Hydrogen might be a perfect sustainable energy carrier in the near future, with zero (or near-zero) end-use emissions and ever-replenishing fossil fuels.
By electrochemical methanol-reforming at atmospheric pressure and temperature, scientists at India’s International Center for Advanced Research in Powder Metallurgy and New Materials (ARCI) have developed a method that combines electrolysis and reforming processes to produce hydrogen from a mixture of methanol and water (ECMR). The primary benefit of this method is that it uses just 1/3 of the electrical energy required by water electrolysis (water electrolysis requires 55-65 kWh/kg of hydrogen).
The energy value of 40 kWh/kg of hydrogen grabs a lot of attention. When compared to chemical fuels like gasoline, diesel, or LPG, which have an energy value of 12-14 kWh/kg, this is a significant increase. Hydrogen may be found in water, gas, oil, and a variety of other natural elements.

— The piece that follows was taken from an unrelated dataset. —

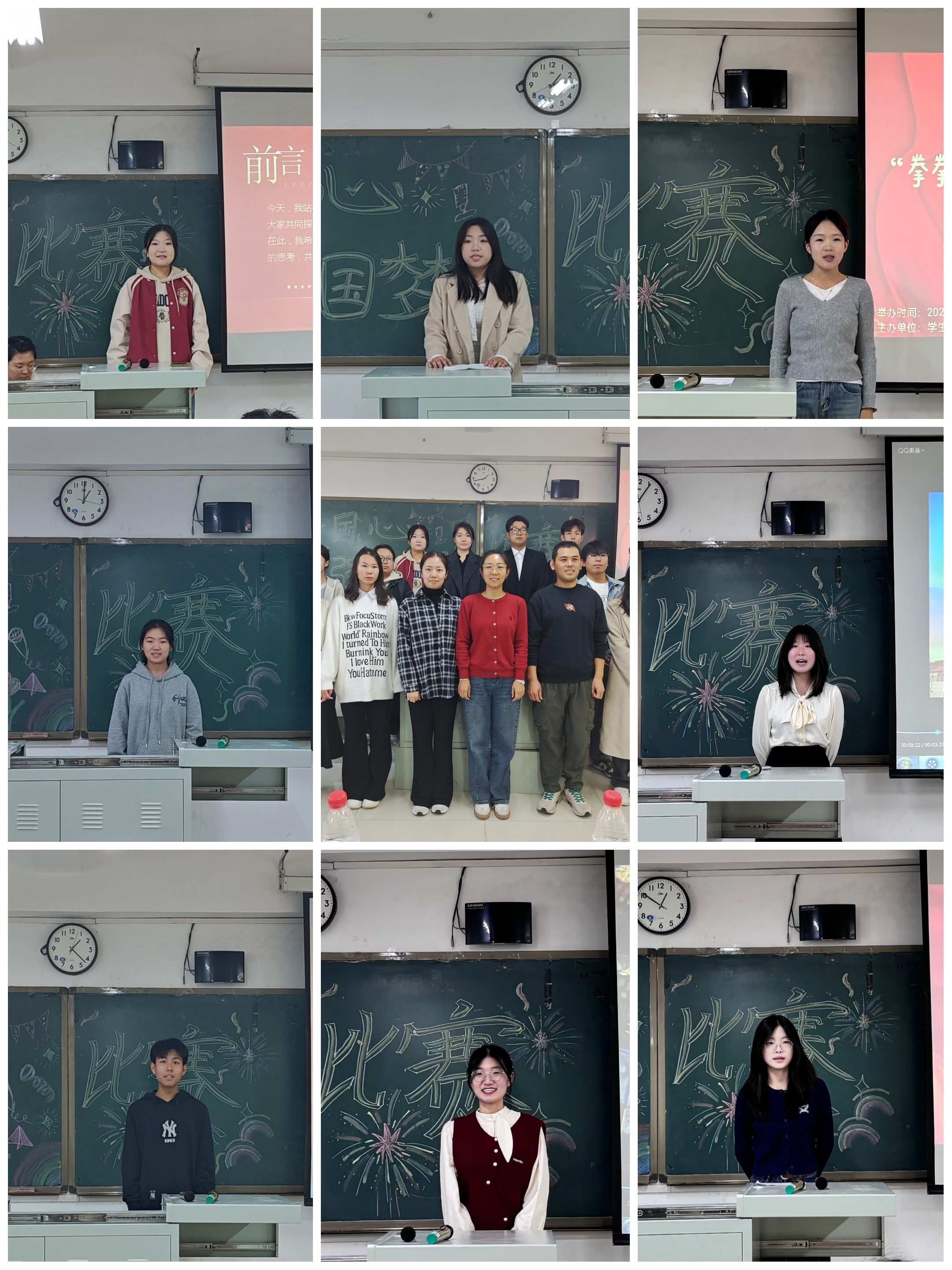 “拳拳爱国心,熠熠强国梦”演讲比赛圆满完成-缩小 放大+ 2024-10-2510月24日,由学部学生会举办的以“拳拳爱国心,熠熠强国梦”为主题的演讲比赛决赛在第六教学楼403教室进行,学部团总支书记张振伟、辅导员张星、梁昱,学生会主席团姜涛、潘璐雨担任此次活动评委。 此次比赛经过初赛选拔,共有13名优秀选手进入决赛。伴随着歌曲《国家》的演唱,演讲比赛决赛正式拉开序幕。李梦颖同学以“愿以吾辈之青春,捍卫盛世之中华”的铮铮誓言表达了为实现强国梦想而努力奋斗的信念和决心;赵心瑶同学从伟大先烈的英勇事迹表达了对祖国的崇敬之情,并结合当今国家形势展望中华民族伟大复兴的美好前景;乔靖斯、黄秋宇、王亚捷等同学爱国情怀融入到专业学习中,用独到的见解展现了教法学子为祖国贡献青春力量的决心。每位选手的演讲都各具特色,精彩纷呈,赢得评委和观众的阵阵掌声。最后,评委老师对选手们的表现进行了点评。老师对选手们展现出对党和国家的深刻认知与崇高敬意给予了充分的肯定,并就一些演讲细节提出了宝贵意见。经过精彩的演绎和角逐,王孜睿斩获一等奖、赵心瑶 闫爱嘉获得二等奖,武洋、王冉、范梦薇获得三等奖,其他7名同学获得优秀奖。 本次活动的开展是庆祝新中国成立75周年系列活动的重要组成部分,为学生们提供了一个展示自我和表达爱国情感的舞台,加深了同学们对党和国家发展历史的认识,有助于引导青年学生传承红色基因,加强爱国精神,激发迈进新征程、奋进新时代的豪情。

The electrolysis of water or the conversion of hydrocarbons like methane are two of the most frequent processes for creating hydrogen. The entire globe, particularly Europe, is now making every effort to transition to ecologically friendly gasoline. Green hydrogen derived from renewable energy sources, as well as an integrated water electrolysis process for energy generation, would be beneficial in the battle against climate change.
Exfoliated graphite was used to make the primary components of the PEM-based ECMR cell. One of the important advancements in substituting titanium bipolar plates, which are often used in the assembly of electrolyzers and give dubious value for money, has been the use of carbon materials as bipolar plates.
For important components such as the Membrane Electrode Assembly (MEA), bipolar plates, and a variety of process equipment, the ARCI team has created its own production method. When compared to water electrolysis, this approach should dramatically lower the cost of hydrogen, and it can also be readily linked with renewable energy sources.